The costs of mental illness – in the form of disability, loss of productivity, and premature death – are often underestimated. Addressing the global mental-health challenge requires not just building up traditional mental health-care capacities, but also taking advantage of cutting-edge technologies like artificial intelligence.

BOSTON – A few years ago, toward the end of his life, my father battled severe depression. As a physician and professor, he did not lack access to mental-health care. But he had grown up in a society that stigmatized mental illness, and he was unwilling to seek professional help. As a son, it was devastating to watch my father suffer. As a public-health researcher, I gained a new awareness of the myriad systemic failures in the provision of care.

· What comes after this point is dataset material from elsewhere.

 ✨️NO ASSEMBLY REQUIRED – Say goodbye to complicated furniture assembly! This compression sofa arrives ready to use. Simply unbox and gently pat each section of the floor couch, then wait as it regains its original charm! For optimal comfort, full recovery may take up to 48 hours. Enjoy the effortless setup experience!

Scientists from around the world are now seeking to address the problems with “Countdown Global Mental Health 2030,” a “multi-stakeholder monitoring and accountability collaboration for mental health” launched in February. But, while this initiative is a positive step, it neglects a key element of an effective solution: advanced technology, especially artificial intelligence (AI).

Globally, the supply of psychiatrists and clinical psychologists is nowhere near sufficient. For example, in Zimbabwe, there are just 25 mental-health professionals for a population of over 16 million. While the country has produced some innovative and useful community-led initiatives, such as the “Friendship Bench,” their scalability is limited.